(after stating the facts.) The only question in this case is whether the taking of a single mortgage in this State, by a foreign corporation, for a past-due indebtedness for goods sold in the foreign State, the domicil of the foreign corporation, is doing business in this State, within the meaning of the constitution and the act of the general assembly above quoted. There can be no doubt that the sale and shipment of the goods was interstate commerce. It does not matter, then, how many sales and shipments there might have been ; they could not be prohibited by the statute. There is no evidence that more than one mortgage was taken by the appellant in this State.

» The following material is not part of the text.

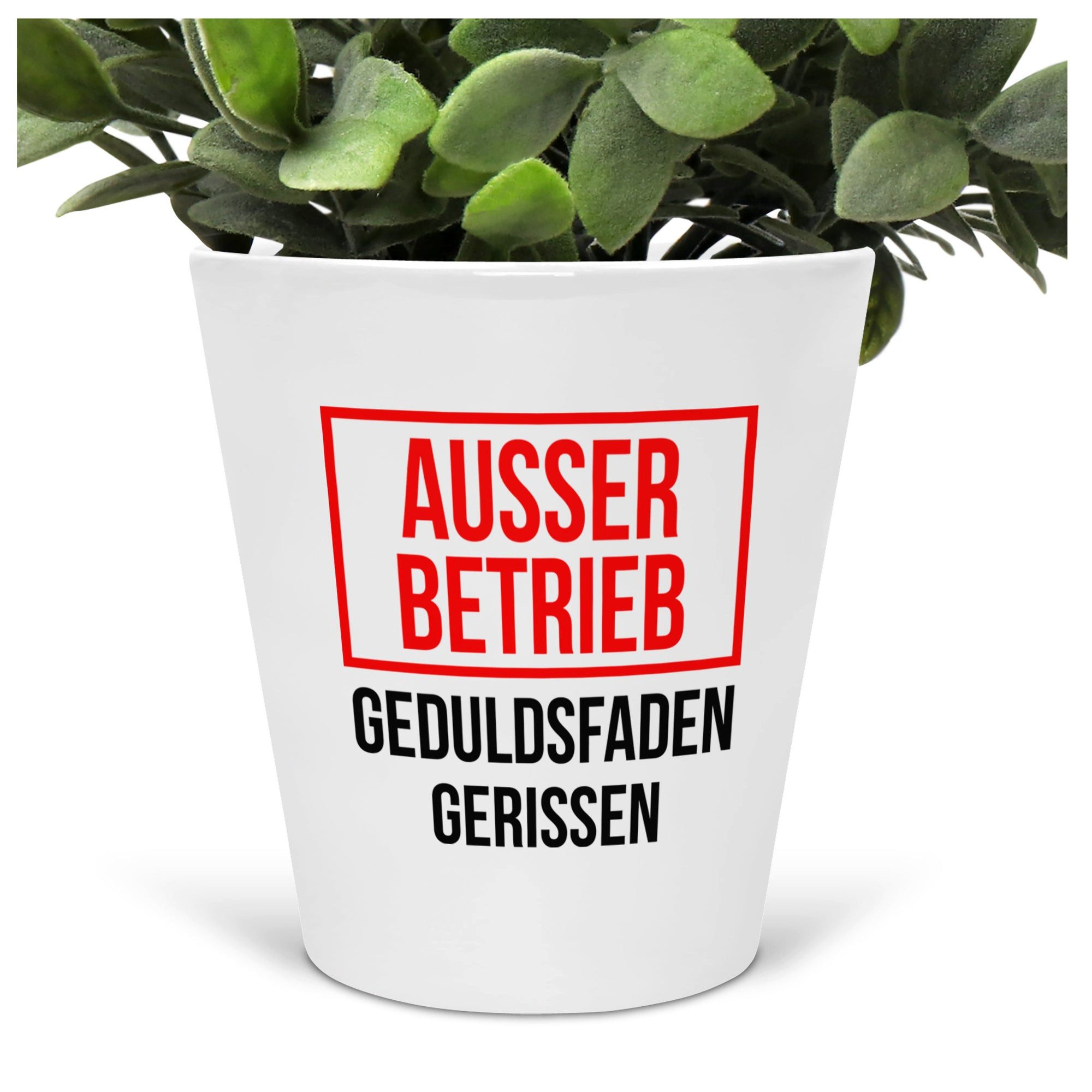 In Deutschland bedruckter weisser Blumentopif mit folgendem Spruch bzw. Motiv: Ausser Betrieb - Geduldsfaden Gerissen

Was the taking of this mortgage doing any business prohibited by the laws of this State to be done by a foreign corporation before complying with the provisions of the constitution and statute referred to ? If so, the mortgage cannot be enforced in the courts of this State; for, if a single act of business be done by a foreign corporation in this State, within the meaning of these provisions of the law, it is as much within the prohibition contained in them as any number of acts of business would be. But we are of the opinion that the taking of a single mortgage to secure a past-due debt, with no intention apparent to transact other business of the kind in the State, is not doing business within the meaning of the constitution or the statute.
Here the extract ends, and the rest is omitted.